**REQUIRED ACTION:** Copied exactly and without pictures, the lines from the beginning of the entries through the one that holds "The classes were" should form the entire reply.

**SUPPLIED MATERIAL:**
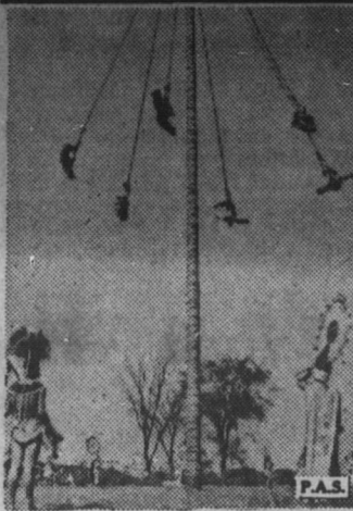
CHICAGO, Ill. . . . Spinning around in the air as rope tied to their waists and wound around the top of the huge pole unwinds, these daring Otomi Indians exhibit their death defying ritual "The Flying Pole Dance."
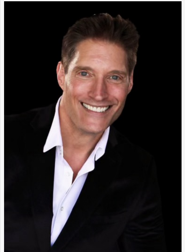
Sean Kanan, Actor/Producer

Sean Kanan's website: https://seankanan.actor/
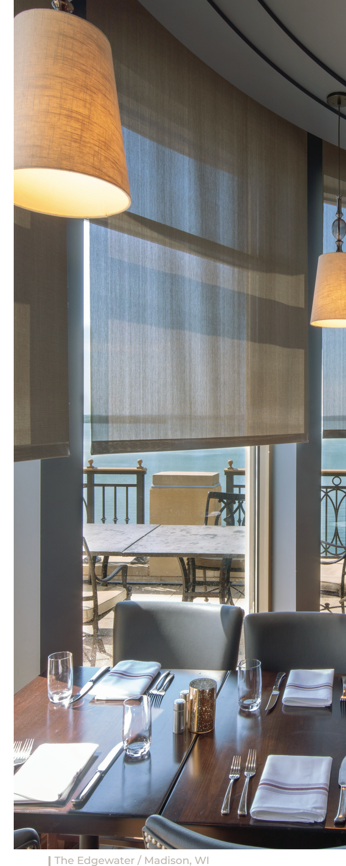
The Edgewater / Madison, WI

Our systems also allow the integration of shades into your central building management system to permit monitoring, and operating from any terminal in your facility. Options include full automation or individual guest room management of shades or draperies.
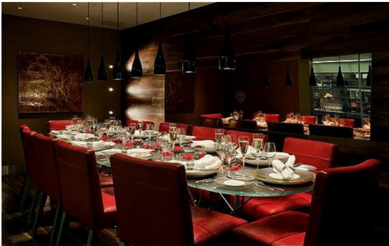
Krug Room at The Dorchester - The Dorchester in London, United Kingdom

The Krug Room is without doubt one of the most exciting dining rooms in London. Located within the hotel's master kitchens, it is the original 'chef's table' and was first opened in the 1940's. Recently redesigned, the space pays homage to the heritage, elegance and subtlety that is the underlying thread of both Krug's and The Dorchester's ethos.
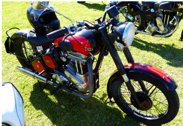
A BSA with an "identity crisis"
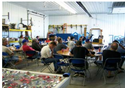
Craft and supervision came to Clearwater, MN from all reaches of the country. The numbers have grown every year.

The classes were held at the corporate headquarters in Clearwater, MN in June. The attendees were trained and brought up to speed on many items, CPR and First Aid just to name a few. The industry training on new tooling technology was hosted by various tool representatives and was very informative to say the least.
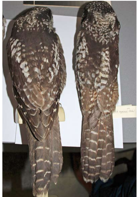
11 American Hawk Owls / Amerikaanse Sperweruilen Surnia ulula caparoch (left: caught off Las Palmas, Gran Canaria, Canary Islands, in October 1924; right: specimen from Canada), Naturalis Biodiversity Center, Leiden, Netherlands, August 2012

**THE COMPLETED TASK:**
CHICAGO, Ill. . . . Spinning around in the air as rope tied to their waists and wound around the top of the huge pole unwinds, these daring Otomi Indians exhibit their death defying ritual "The Flying Pole Dance."
Sean Kanan, Actor/Producer

Sean Kanan's website: https://seankanan.actor/
The Edgewater / Madison, WI

Our systems also allow the integration of shades into your central building management system to permit monitoring, and operating from any terminal in your facility. Options include full automation or individual guest room management of shades or draperies.
Krug Room at The Dorchester - The Dorchester in London, United Kingdom

The Krug Room is without doubt one of the most exciting dining rooms in London. Located within the hotel's master kitchens, it is the original 'chef's table' and was first opened in the 1940's. Recently redesigned, the space pays homage to the heritage, elegance and subtlety that is the underlying thread of both Krug's and The Dorchester's ethos.
A BSA with an "identity crisis"
Craft and supervision came to Clearwater, MN from all reaches of the country. The numbers have grown every year.

The classes were held at the corporate headquarters in Clearwater, MN in June. The attendees were trained and brought up to speed on many items, CPR and First Aid just to name a few. The industry training on new tooling technology was hosted by various tool representatives and was very informative to say the least.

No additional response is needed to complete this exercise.